Fast Incident-Response Checklist
- Pinpoint placement: identify the field containing 185.63.263.20(client IP vs. header vs. URL).
- Scope & pattern: count hits by route, referrer, and user-agent; graph over time.
- Mitigate quickly: deploy the header/URI string blocks and rate-limits; add bot challenges on sensitive flows.
- Hygiene: update dependencies, patch known CVEs, enforce MFA, rotate any leaked credentials.

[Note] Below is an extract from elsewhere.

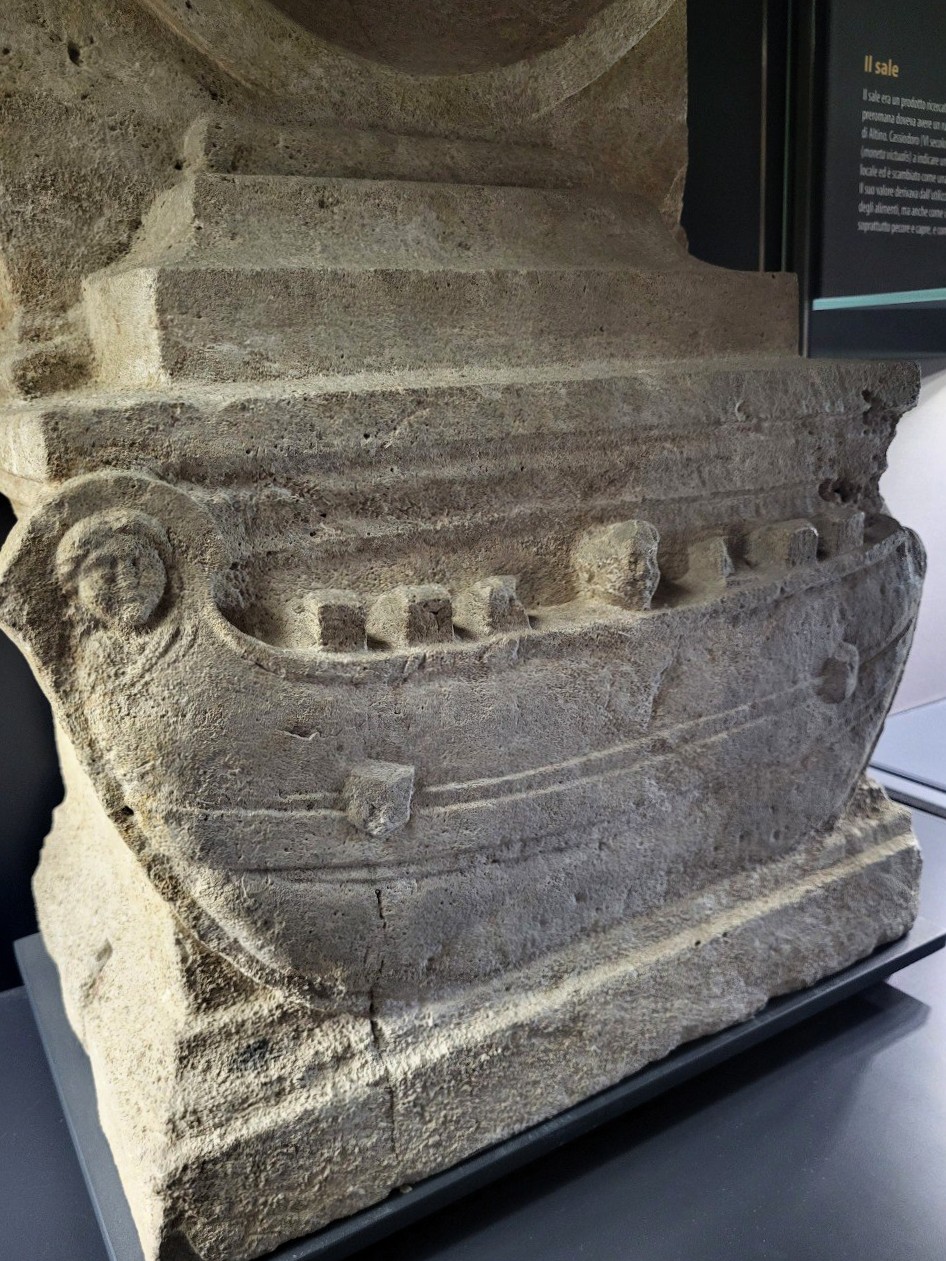 Dettaglio del bassorilievo con grande nave oneraria (I secolo d.C.) da Altino conservato al museo Archeologico nazionale di Altino (foto parco archeologico altino)

- Document: note that the string is an invalid IP to avoid future rabbit holes and noisy playbooks.
Use the Right Example IPs (RFC 5737)
For documentation, tests, and screenshots, use the IETF’s reserved TEST-NET ranges so engineers and tools instantly recognize they’re examples—not real hosts:
- 192.0.2.0/24(TEST-NET-1)
- 198.51.100.0/24(TEST-NET-2)
- 203.0.113.0/24(TEST-NET-3)
FAQs
Is 185.63.263.20 dangerous?
Not by itself—it isn’t a real routable address. But if it appears in headers, it’s often a signal of sloppy bots or misconfigurations worth cleaning up.
Should I block 185.63.263.20 at the firewall?
No. Instead of a network rule, block the literal string in headers/URL at your web server or WAF, and use rate-limits/bot controls where appropriate.
Can I geolocate 185.63.263.20?
No. Because it’s invalid, there’s nothing to geolocate.
What IPs should I use as placeholders in guides?
Use the reserved TEST-NET ranges (above), never made-up addresses.